2. (Planned) Converts speech to text.
3. Routes input to the appropriate model.
4. Generates a response.
5. Speaks the response aloud.
6. Logs interactions for debugging.
- **Extensibility:** The modular design makes it easy to add new commands, swap models, or upgrade TTS/STT features.
## Setup
1. Create virtual environment:
```bash
python -m venv .venv-k2so
```
2. Activate the environment (see above for your shell)
3. Install dependencies:
```bash
pip install -r requirements.txt
```
## Running the Project
The project uses a virtual environment named `.venv-k2so`. After setup, you can activate and run the project:
```powershell
# Windows PowerShell
.\.venv-k2so\Scripts\Activate.ps1
# Windows Command Prompt
.\.venv-k2so\Scripts\activate.bat
# Linux/Mac
source .venv-k2so/bin/activate
```
Once activated, run the project from the root directory:
```bash
python src/main.py
```
## Raspberry-Pi Setup
1. Update Raspberry Pi:
```bash
sudo apt update && sudo apt upgrade -y
```
2. Install Python 3 and build tools:
```bash
sudo apt install -y python3 python3-pip python3-venv build-essential
```
3. Create a virtual environment:
```bash
python3 -m venv venv
source venv/bin/activate
```
4. Install Python Packages: WIP
```bash
pip install llama-cpp-python
```
5. Download a Small Quantized Model: WIP
- Option A: With Hugging Face CLI
- Option B: Direct Download
## Development Roadmap
### **MVP Features**:
- [ ] basic wake-and-listen loop (triggered by key press, timer, or hotword)
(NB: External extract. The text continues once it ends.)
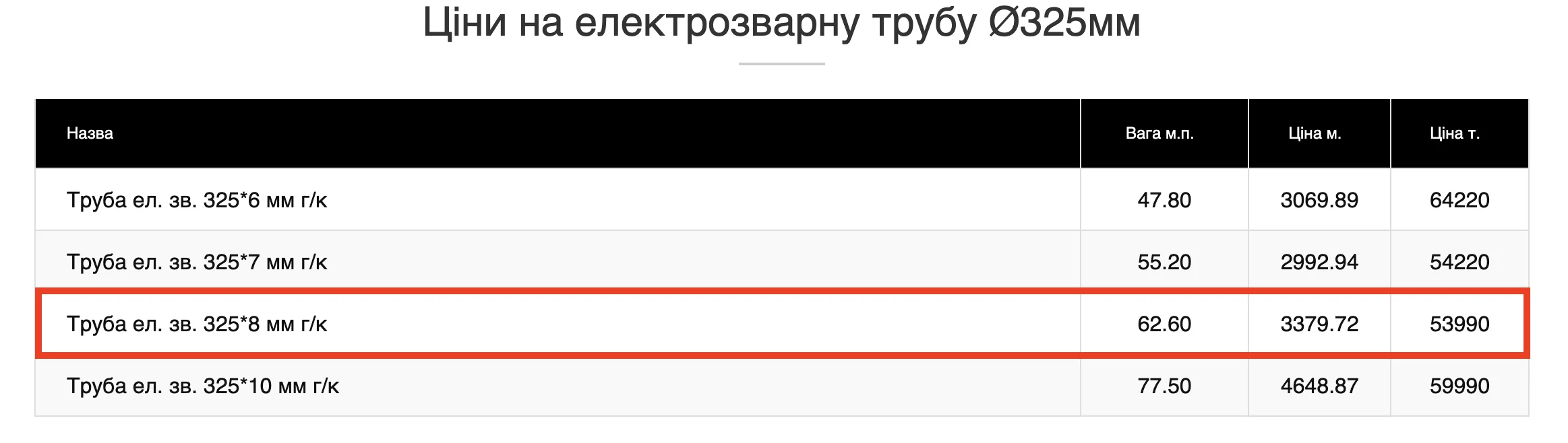 Труби діаметром 159×5 мм за запитом в інтернеті коштують 48,5 тис. грн за тонну, а діаметром 325×8 мм – 53,9 тис. грн за тонну, але “Херсонтеплоенерго” купує аналогічний товар за 49,4 та 61,5 тис. грн за тонну відповідно.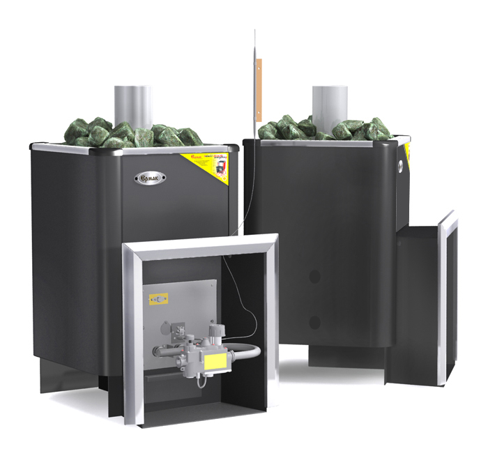 - Les chaudières de sauna sont installées dans le hammam de manière à ce que la face avant soit tournée vers le dressing. Pour ce faire, une fenêtre est réalisée dans le mur entre le hammam et le dressing, correspondant à la taille du brûleur.

- [ ] offline speech-to-text using microphone input
- [ ] local text-to-speech output
- [ ] simple command routing with keyword-based logic (e.g., time, date, shutdown)
- [ ] response behavior defined in a local module
- [ ] fully offline operation with no cloud services or network dependency
- [ ] console logging of input and output for debugging
### **Planned Features**:
- **Face GUI**: animated AI face with expressions that react to conversation and speech
* The face should visually indicate when the AI is listening, thinking, or speaking (e.g., mouth movement, eye color changes).
* Use a simple animated face or waveform circle as a starting point, with potential for more expressive features later.
- **Chat Log**: persistent chat history for each session
* Store all user and assistant messages locally for each session.
* Support reviewing or exporting past conversations for context or debugging.
- **Easy Setup Interface**: GUI or executable for first-time setup (API keys, model selection, etc.)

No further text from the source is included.